Indeed, it is a bandwidth limitation. The 5922 performs its magic by oversampling at 120 MS/s and digitally decimating the data. Inherent in that process is a digital low-pass "brick-wall" filter, which is flat to 0.4 times the output sample rate, is down -6 dB at 0.5 times the sample rate, and completely rejects any signal above 0.6 times the sample rate.
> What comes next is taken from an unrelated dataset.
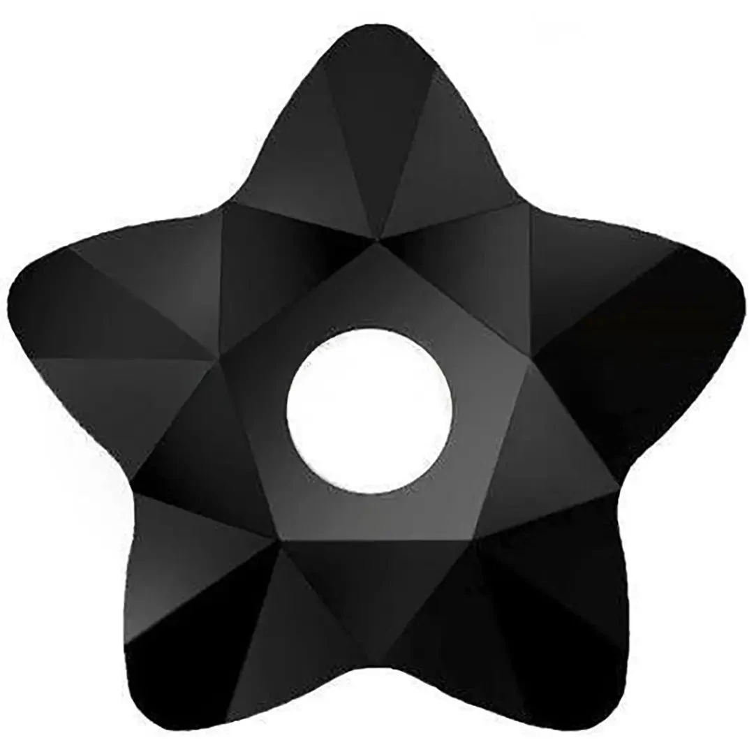 Serinity sew on crystals Star Flower (3754) in Jet UNFOILED are loose flat backed crystals that come with a thread hole, enabling the crystals to be sewn onto fabric. Serinity Star Flower shaped crystals are a unique and versatile shape that combines elements of both stars and flowers. The shape has five rounded points that can resemble a star or a flower depending on how it’s viewed.
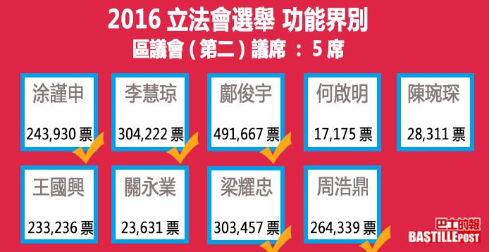 区议会(第二)功能界别(俗称「超级区议会」)点票结果宣布,民主党新丁邝俊宇在党元老力撑下以逾49万票大幅抛离对手获选,李慧琼、梁耀忠、周浩鼎及涂谨申均获选,工联会的王国兴以逾万票之差,未能连任立法会议员。

A by-product of the brick-wall filter is poor transient response. Your 20 us still has some fast edges - if you looked at your signal on a spectrum analyzer you'd see a rich set of harmonic content extending up to perhaps 100 MHz and beyond. With your sample rate set to 5 MS/s, the resulting spectrum contains a rich spectrum of power up to 2.5 MHz and suddenly nothing above that. Having lots of power in one region of the spectrum and suddenly very little power in an adjacent region is characteristic of a resonant system, and with such a digital lowpass filter, you have that in spades. The result is a resonant transient behavior, including the familiar "Gibbs Phenomenon" pre- and post-transient ringing. See, for example:

http://en.wikipedia.org/wiki/Gibbs_phenomenon

Now to the question of what can you do about it. The answer is: not a lot. The only way to eliminate the ringing is with a properly-tapered frequency response, typical of a Gaussian or Bessel filter. I suggest you increase the sample rate as much as possible (I believe the max is 15 MS/s) and apply a digital Gaussian or Bessel filter (say 4th or 5th order) to get the highest bandwidth you can while reducing the ringing until you find it acceptable. Do keep in mind that these filters cause significant roll-off in the passband (several dB), and so they are generally not desirable for frequency-domain measurements. On they other hand, because they have good transient response, they are especially suitable for time-domain measurements.

Hope this helps,
Ed L.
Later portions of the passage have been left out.